Но все это случилось со мной потом, а пока что я был лишь неприметным молодым человеком, который после конца сеанса вышел из портлендского кинотеатра. Мои друзья, чья болтовня действовала на меня теперь чуть меньше, чем при нашей последней встрече, посадили меня в свою машину и сквозь вечерние сумерки повезли в Брайтон. Раскинувшийся в сосновых лесах у окаймленного летними коттеджами озера, Брайтон был из тех американских городков, где реальность катастрофы сознают, лишь когда над головой срывает крышу, лишь когда сыновья погибают не на чужой войне, а на своей. Спустя несколько дней, заполненных купанием в теплых водах озера и пирушками у костра, где мы лакомились бобами, запеченными в традиционном глиняном горшке, я решил, что должен вернуться в Лондон. Никто не понимал зачем. Да я и не смог бы объяснить. Если о чувстве долга говорить вслух, это всегда звучит очень высокопарно.

Когда я надел военную форму, то по изменившемуся отношению друзей и по взглядам, которые ловил на себе на улицах, понял, что мои акции поднялись. Но меня это скорее смущало, чем ободряло, потому что я знал: под формой я остался тем же, что раньше. Способность любить себя — вот что, вероятно, главное для актера; то, что это же свойство до некоторой степени определяет становление писателя, я понял лишь много позже. В молодости мне всегда бывало трудно примирять искусство с жизнью, и если я все же пытался это делать, то невольно подозревал себя в неискренности.

Заброшенный войной в пыльное захолустье Египта, никому не нужный, никем не замечаемый, я окопался в своем «додже» и с головой ушел в Диккенса — замызганные томики дешевой массовой серии я клал перед собой прямо на руль.
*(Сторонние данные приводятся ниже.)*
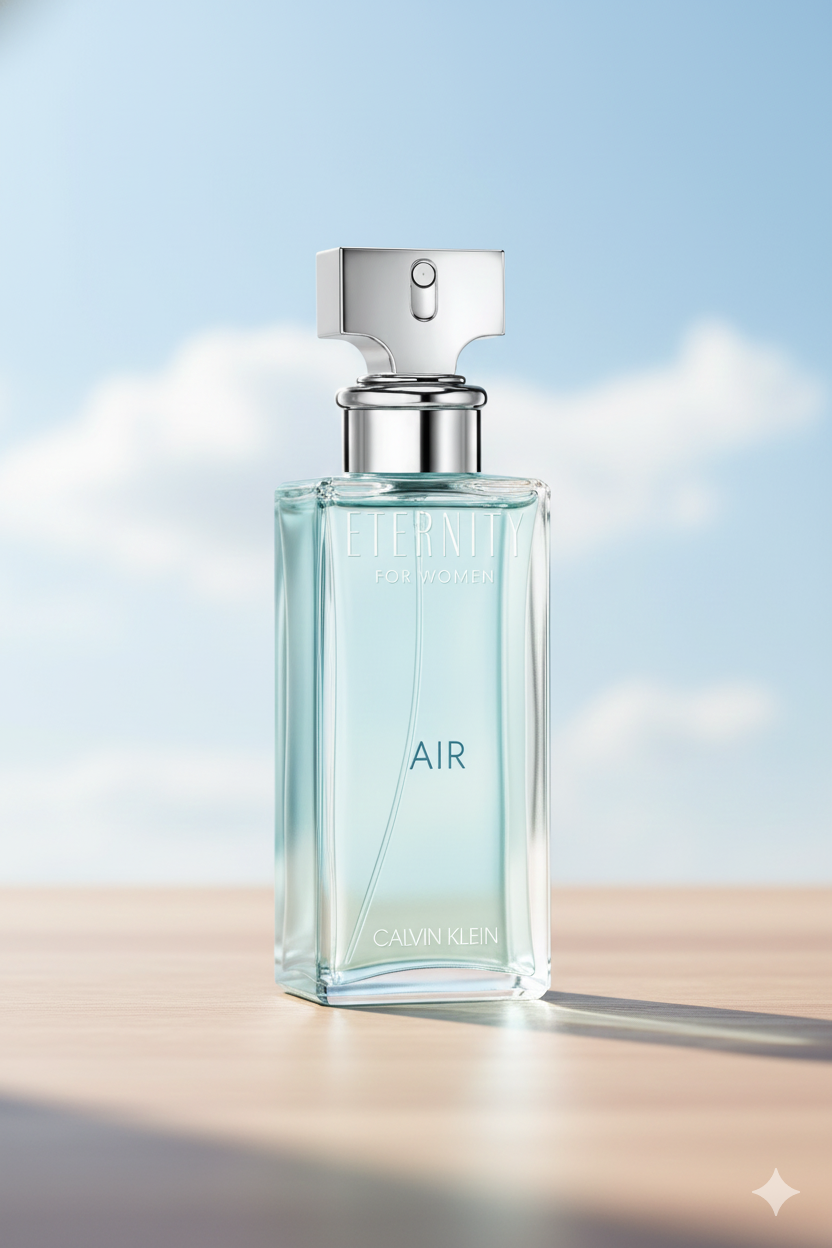 Calvin Klein Eternity Air for Women Eau De Parfum – a Floral Fruity fragrance launched in 2018. It opens with fresh ozonic notes, grapefruit, and black currant, followed by a soft heart of peony, pear, and lily-of-the-valley, and finishes with a clean base of musk, cedar, and ambergris.

Я читал и читал. Если «Бесов» мне было суждено открыть лишь во время полета на допотопном бомбейском самолете над джунглями и пустынями Центральной Африки, то Диккенс точно так же дожидался своего часа, пока война не закинула меня на Ближний Восток, где те три-четыре дня, что я провел в Тобруке в конце осады, раз и навсегда определили мое отношение к этому писателю. В детстве я не любил и не понимал Диккенса, но тут вдруг пристрастился к нему. Кровоточили и запекались коркой гнойные раны, с неба падали объятые пламенем самолеты, в известняковых карьерах Европы разлагались трупы — на фоне всего этого Диккенс воспринимался мною как теплый пульс растекающегося по жилам здорового дыхания жизни, которая должна продолжаться, противостоя силам разрушения, хотя мощь этих сил признавал и сам Диккенс.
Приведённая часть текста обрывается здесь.